As treatment begins, it’s crucial to surround your loved one with hope, patience, and compassionate understanding. Social connection whether through family, friends, colleagues, mentors, or community groups plays a powerful protective role against despair. Many people benefit from structured routines, better sleep, and regular physical activity. Normalize the process of seeking help as one in five people experiences a mental health condition at some point. Remember, treatment is a sign of strength, not weakness.

Healing is not linear. People of all ages may have setbacks, moments of discouragement, or periods where progress slows. This is a natural part of recovery.

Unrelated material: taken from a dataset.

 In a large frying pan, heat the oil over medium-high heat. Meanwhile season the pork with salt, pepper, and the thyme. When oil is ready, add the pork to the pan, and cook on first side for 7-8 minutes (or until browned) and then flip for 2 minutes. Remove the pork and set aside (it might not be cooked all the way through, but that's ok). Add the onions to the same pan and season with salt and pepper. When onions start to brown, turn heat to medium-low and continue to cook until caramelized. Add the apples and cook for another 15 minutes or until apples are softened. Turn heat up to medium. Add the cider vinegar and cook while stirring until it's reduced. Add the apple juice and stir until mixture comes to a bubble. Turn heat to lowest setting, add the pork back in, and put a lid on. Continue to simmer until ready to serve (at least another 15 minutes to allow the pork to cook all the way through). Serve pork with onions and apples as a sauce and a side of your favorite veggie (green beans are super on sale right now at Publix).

What matters most is that individuals feel heard, supported, and not alone in their journey.

If you ever have safety concerns, reach out to the resources below.


About Sahar: Sahar Website, SMS or Call- +972-55-957-1399

Sahar is dedicated to providing free and confidential support and information over online chat. We support everyone in Israel who may need emotional support with anxiety, depression, loneliness, suicide. As part of our commitment to preventing suicide, we are available to help you if you are considering suicide or harming yourself, or if you are noticing warning signs in a friend or family member.

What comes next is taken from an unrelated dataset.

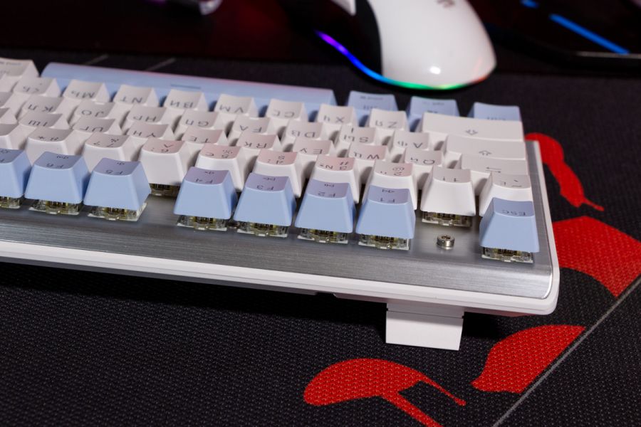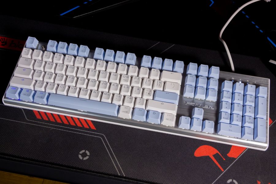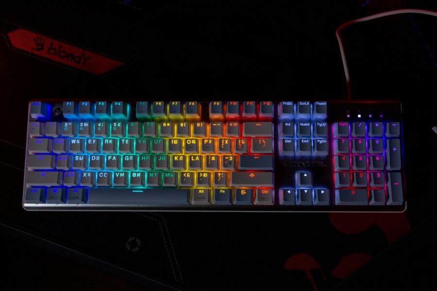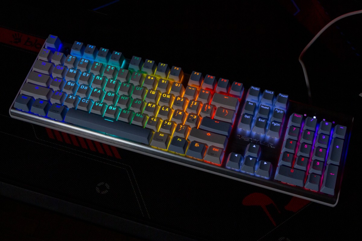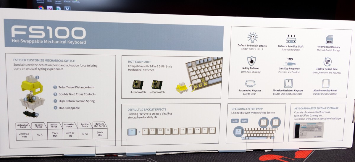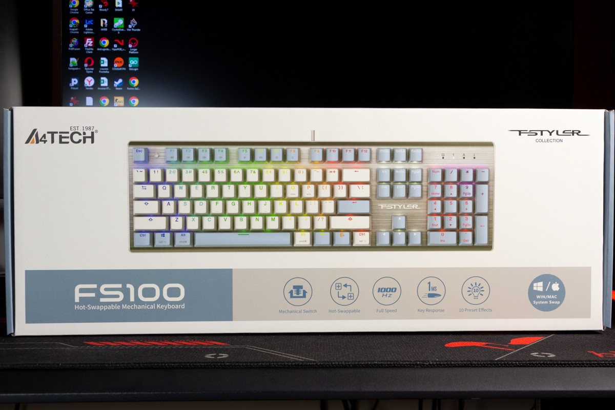 Огляд клавіатури A4Tech FS100: механіка з підсвіткою і металом в дизайніВ цьому огляді детально розповідаю про клавіатуру FS100 від бренду A4Tech з лінійки Fstyler. Без підсвітки її корпус виглядає класично, але якщо її увімкнути і почати натискати на клавіші приходить розуміння що маємо справу з ігровою клавіатурою. Вона при цьому не втратила фішок лінійки Fstyler, таких як можливість працювати під Windows і Mac з їх фірмовими комбінаціями клавіш. Ще у FS100 104 клавіші і є програмне забезпечення для налаштування декількох профілів, частота опитування клавіш 1000Гц, частота відгуку 1 мс та є можливість гарячої заміни перемикачів. Мої враження від пристрою та подробиці по характеристиках далі в огляді. Комплектація Клавіатура A4Tech Fstyler FS100 приїде до вас у коробці на якій детально інформується про характеристики перемикачів та особливості моделі. Всередині коробки лише клавіатура з підключеним нез’ємним кабелем та посібник користувача. Інструменти для зняття перемикачів і кейкапів відсутні. Це не проблема, адже в комплекті їх і немає. А якщо надумаєте докупити, то відразу ж купите інструмент. Кабель підключення заходить в клавіатуру по центру, але через канали вивести і зафіксувати його можна додатково наліво і направо. Кабель в обмотці з гуми, яка, на мій погляд, дуже надійна і довговічна. Довжини в 1,8 м метра вистачить для підключення. Дизайн та Корпус A4Tech FS100 - занадто стильна клавіатура, як для офісної. Адже саме такі моделі раніше мені зустрічались в серії Fstyler. По-перше, присутній алюміній в декорі. З металу панель під клавішами, що як мінімум наштовхує на думку, що виробник подумав про довговічність і витривалість конструкції. По-друге, сподобалось поєднання білого та блакитного кольору кейкапів. Колір ніжний і комфортний для очей, при цьому символи зчитуються добре. Офіційна назва кольору Icy Blue. Клавіатура не шумна навіть при активному наборі тексту. Багатошарова конструкція майже повністю нівелює брязкіт і його наслідки у вигляді відлуння. При необхідності під час гри або набору тексту корпус можна припідняти ніжками, змінивши кут нахилу приблизно на 5 градусів. Це додає комфорту. Також на нижній панелі передбачено три прогумованих ніжки для фіксації на слизьких поверхнях. Зверху над стрілками єдиний з видимих логотипів - Fstyler. Модель FS100 зроблена у форматі 100%, тобто у неї є повнорозмірний цифровий блок без бажання виробника зекономити на площі. І відмінність цієї моделі від також нової FS300, яка виконана у форматі 98%. FS100 отримала англійську розкладку та кирилицею. Українські літери “є”, “ї” та “і” нанесені сірим, що дуже схоже на напівпрозорий пластик яким сформовані базові набори символів. Уточню, що кейкапи виконані за технологією подвійного лиття. Тож загалом з дизайну нічого не випадає і в очах не рябить. Оскільки клавіатура сумісна з операційними системами Mac і Windows, на деяких клавішах присутні дублікати основних символів системи. Серед додаткових клавіш можна відзначити F1-F8 (для мультимедійних функцій) і "O"/"P" для перемикання між системами. Габарити клавіатури 440 х 135 х 36 мм, вага з кабелем 949 грамів. Зрібка виконана на відмінно. Перемикачі В клавіатурі FS100 встановлені перемикачі, які забезпечують рівномірне натискання на всій довжині ходу, приблизно 3 мм. Передбачена можливість гарячої заміни перемикачів з підтримкою 3 і 5-пінових, тож за бажанн

When you contact us you will talk with one of our trained volunteers who are experienced in how to help people in your situation. They will listen to you, unpack your story and feelings, and work with you to help you through your challenges. Anyone may call and get support. We help everyone, regardless of age, gender, religious views, or nationality.

About ERAN: Emotional First Aid Eran Website, SMS- 052-999-3544, Call *1201

ERAN provides Lifesaving Emotional First Aid Services, offering initial response and emotional support on the phone and online, while maintaining strict confidentiality and anonymity. ERAN supports in situations such as dealing with trauma, depression, economic distress, teen challenges, loneliness, violence, abuse, eating disorders, self-image & sexual identity, difficulty in raising children, distress of Holocaust survivors, anxiety, war and Post trauma.

Information Taken from Find a Helpline 


Here are 5 steps you can take to help someone who is having thoughts of suicide:

From the National Institute of Mental Health:

  1. ASK: “Are you thinking about suicide?” It’s not an easy question to ask, but it can help start a conversation. Studies show that asking people  if they are suicidal does not increase suicidal behavior or thoughts.
  • HELP KEEP THEM SAFE: Reducing access to highly lethal items or places can help prevent suicide. Asking the person if they have a plan and making lethal means less available or less deadly can help the person stay safe when suicidal thoughts arise.
  • HELP THEM CONNECT: Connecting the person with the 988 Suicide & Crisis Lifeline  (call or text 988) and other community resources can give them a safety net when they need it. You can also help them reach out to a trusted family member, friend, spiritual advisor, or mental health professional.
  • FOLLOW UP: Staying in touch with the person after they have experienced a crisis or been discharged from care can make a difference. Studies show that supportive, ongoing contact can play an important role in suicide prevention.